The majority of the primary pneumonectomies, 85 of 133 (64%), were performed for a single metastasis, whereas 28 (21%) had 2 to 3 metastases and 20 (15%) had 4 or more metastases. Mean maximum diameter was 6.3 cm for primary pneumonectomy compared to the smaller, 2.3 cm diameter, metastases for nonpneumonectomy patients [9]. Nodal metastases were present in 20% (26 of 133). The DFI was 0 to 11 months in 30 patients (23%), 12 to 35 months in 38 (29%), and more than 36 months in 63 patients (47%).
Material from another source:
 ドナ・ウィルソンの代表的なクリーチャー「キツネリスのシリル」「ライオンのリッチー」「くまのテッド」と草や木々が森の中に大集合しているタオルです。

Metastasectomy was performed most commonly through a unilateral approach (116 of 133, 87%), usually a posterolateral thoracotomy. Sixteen patients underwent the bilateral approach, ie, staged or clam-shell thoracotomy or median sternotomy with 10 performed for surgical access of the pulmonary metastases and 6 for wedge resections of contralateral lung metastases. Complete resection was performed in 5 and 4 patients, respectively.
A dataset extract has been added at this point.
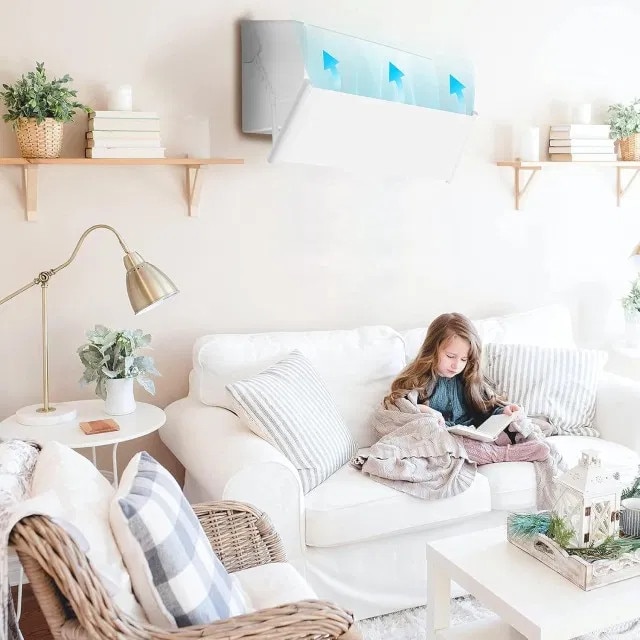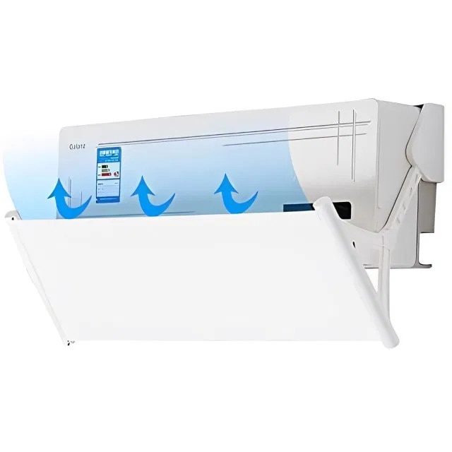 Se instaleaza cu banda adeziva (dimensiuni componenta din plastic cu parte adeziva: 26.5 x 4 cm), fara a deteriora aparatul de aer conditionat, peretele sau tavanul.

There was no significant difference in the age, sex, histologic types, size of the lesion, and DFI between complete and incomplete resections. The number of metastases (p = 0.005) and the surgical approach (p = 0.002) differed significantly between the two groups.

The operative mortality rate following R0 resection in 112 patients was 4%, whereas the rate following incomplete resection was 19% (p = 0.02). In patients who underwent complete resection, their survival rates were 57%, 38%, and 20% at 1, 2, and 5 years, respectively. The corresponding 1- and 2-year survival rates following incomplete resection were 23% and 6%. All patients with incomplete resections died, 1 at 25 months and the rest within 2 years. The difference in survival between complete and incomplete primary pneumonectomy was highly significant with a log-rank ² of 5.53 (p = 0.02, Fig 1). Comparison of the 5-year survival rates following R0 resections between histologic types suggested relative improved survival (Table 2) for uterine, breast, renal, and teratomatous secondaries although no statistical significance was reached. Five-year survival following pneumonectomy for metastatic melanoma remained poor.
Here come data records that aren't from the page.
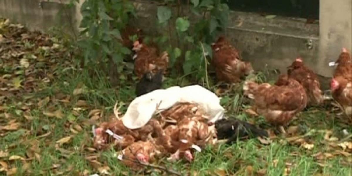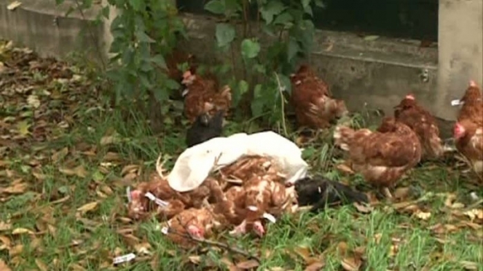 Mai multe găini, unele dintre ele moarte, au fost aruncate, marţi, în curtea sediului ACL din şoseaua Kiseleff, păsările având la gât bileţele pe care scrie: "Eu sunt Iohannis","Mi-e frică de dezbatere".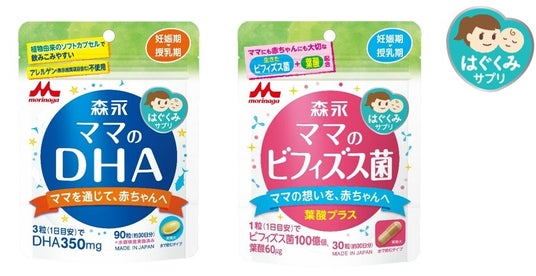 赤ちゃんを想う妊娠・授乳期のママのために、大切な栄養をお届けするサプリメントです。「森永はぐくみサプリ ママのDHA」「森永はぐくみサプリ ママのビフィズス菌」の2品展開です。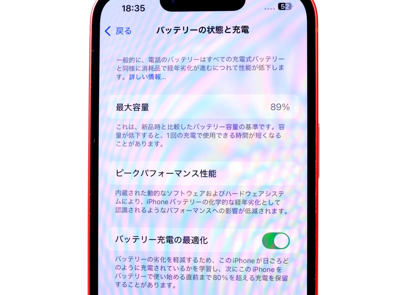 バッテリー最大容量表示=89%です。

View larger version (19K): [in this window] [in a new window]   Fig 1. Survival of patients after R0 and R1 or R2 primary pneumonectomy.

View larger version (16K): [in this window] [in a new window]   Fig 2. Survival of patients by the number of resected metastases.

The operative mortality rate following completion pneumonectomy was 3% (1 patient) and the overall 5-year survival rate was 30%. Even for completion pneumonectomy, completeness of resection was an important prognostic factor, and survival of the 31 patients in whom complete resection was achieved was significantly superior to incomplete resection (median 29 vs 5 months, 30% vs 0 at 5 years; p = 0.001, log rank ² = 11.2) (Fig 3). When compared to primary pneumonectomy, completion pneumonectomy experienced better survival (median 29 vs 17 months, 30% vs 20% 5-year survival; p = 0.01, log rank ² = 9.9) (Fig 4).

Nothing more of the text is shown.